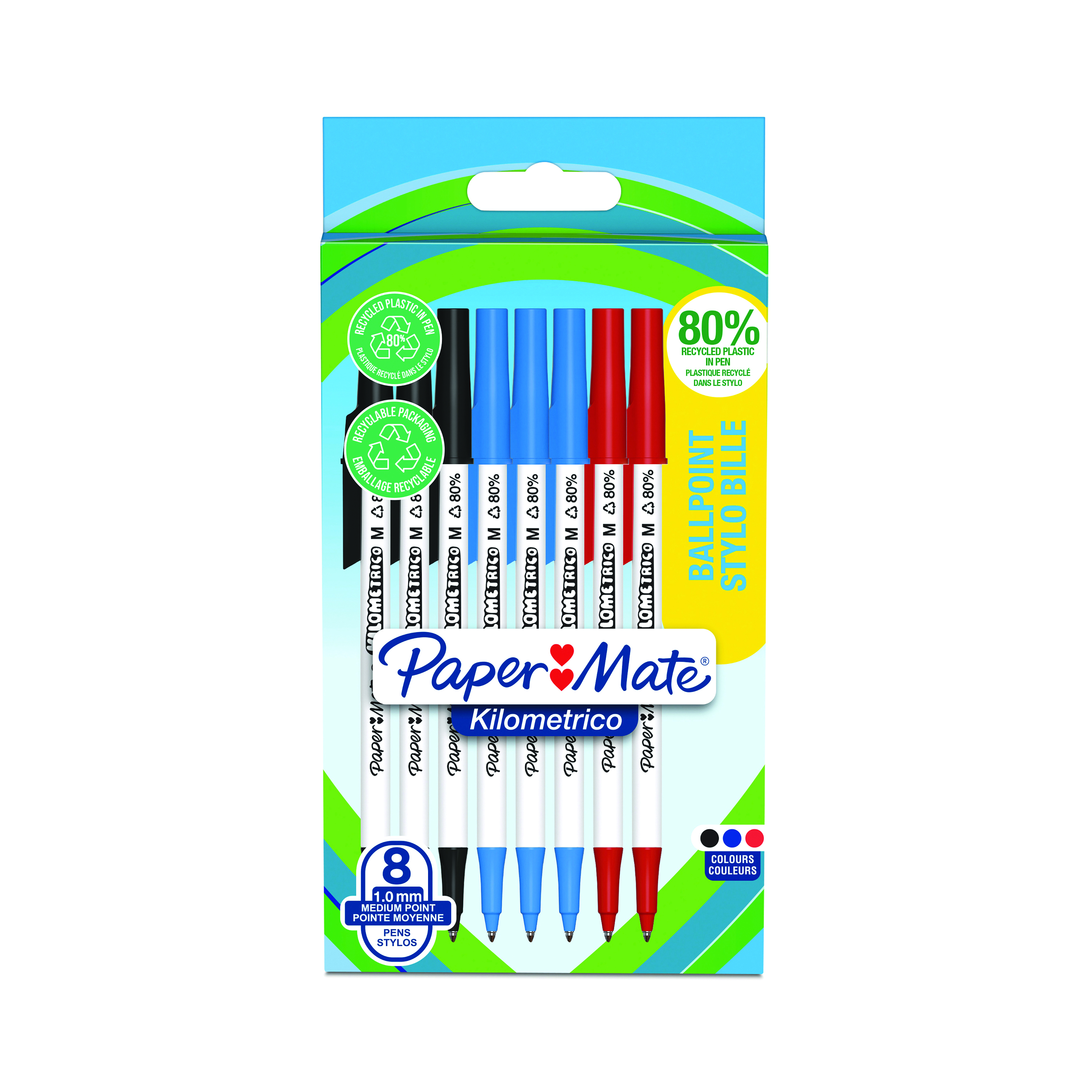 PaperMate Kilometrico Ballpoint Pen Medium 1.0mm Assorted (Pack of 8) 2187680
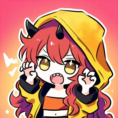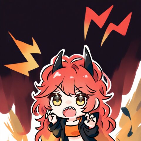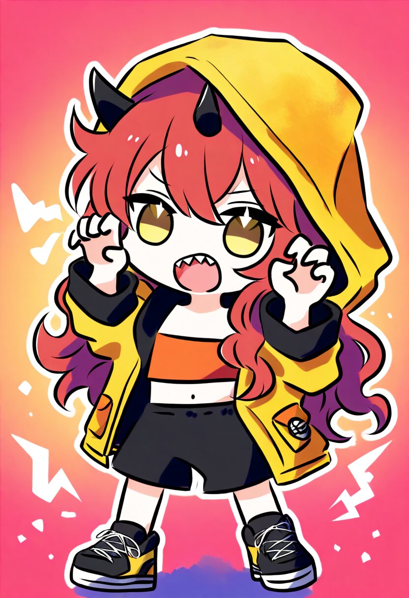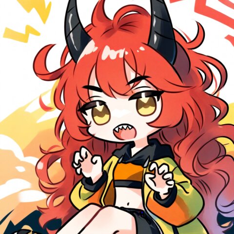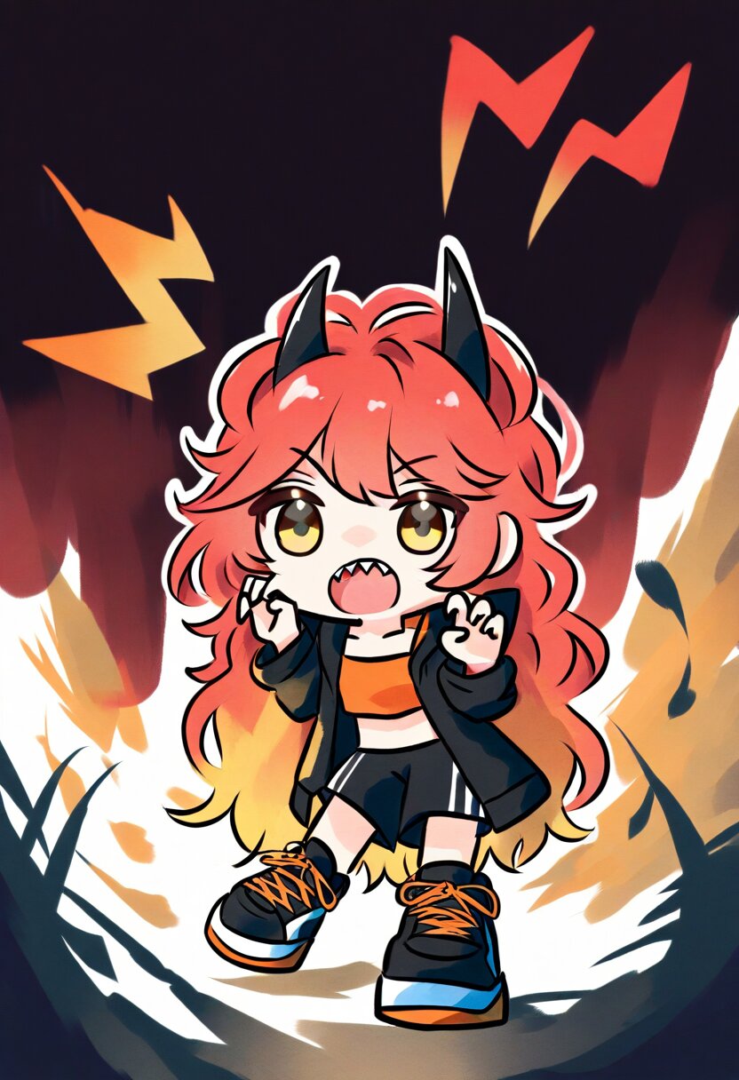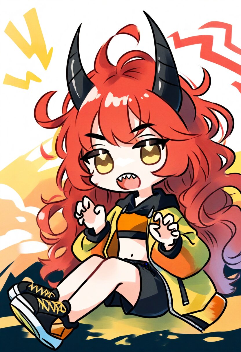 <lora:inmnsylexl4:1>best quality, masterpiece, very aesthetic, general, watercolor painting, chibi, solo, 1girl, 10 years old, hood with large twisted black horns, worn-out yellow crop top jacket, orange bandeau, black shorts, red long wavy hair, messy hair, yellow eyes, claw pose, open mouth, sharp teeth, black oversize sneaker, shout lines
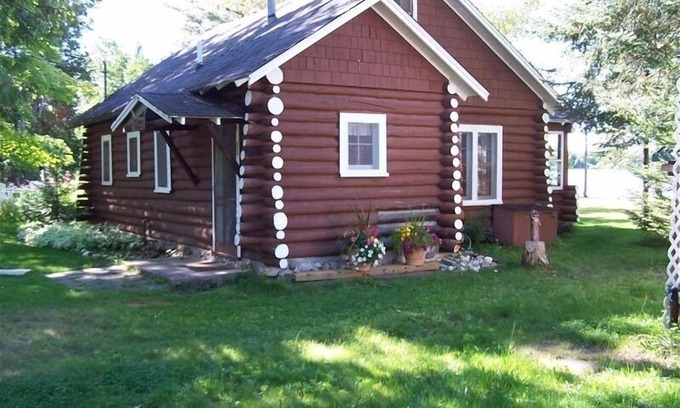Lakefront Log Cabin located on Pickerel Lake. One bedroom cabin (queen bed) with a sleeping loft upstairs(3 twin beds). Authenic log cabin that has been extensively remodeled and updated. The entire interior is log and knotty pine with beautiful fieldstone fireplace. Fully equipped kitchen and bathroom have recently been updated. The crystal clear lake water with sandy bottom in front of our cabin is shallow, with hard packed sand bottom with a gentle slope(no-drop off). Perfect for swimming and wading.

PROBLEM DETAILS: With the pictures left out, output exactly the lines from the one with "<lora:inmnsylexl4:1>best quality, masterpiece, very" through the end of the listing above, both ends included.

ANSWER TO THIS PROBLEM:
 <lora:inmnsylexl4:1>best quality, masterpiece, very aesthetic, general, watercolor painting, chibi, solo, 1girl, 10 years old, hood with large twisted black horns, worn-out yellow crop top jacket, orange bandeau, black shorts, red long wavy hair, messy hair, yellow eyes, claw pose, open mouth, sharp teeth, black oversize sneaker, shout lines
Lakefront Log Cabin located on Pickerel Lake. One bedroom cabin (queen bed) with a sleeping loft upstairs(3 twin beds). Authenic log cabin that has been extensively remodeled and updated. The entire interior is log and knotty pine with beautiful fieldstone fireplace. Fully equipped kitchen and bathroom have recently been updated. The crystal clear lake water with sandy bottom in front of our cabin is shallow, with hard packed sand bottom with a gentle slope(no-drop off). Perfect for swimming and wading.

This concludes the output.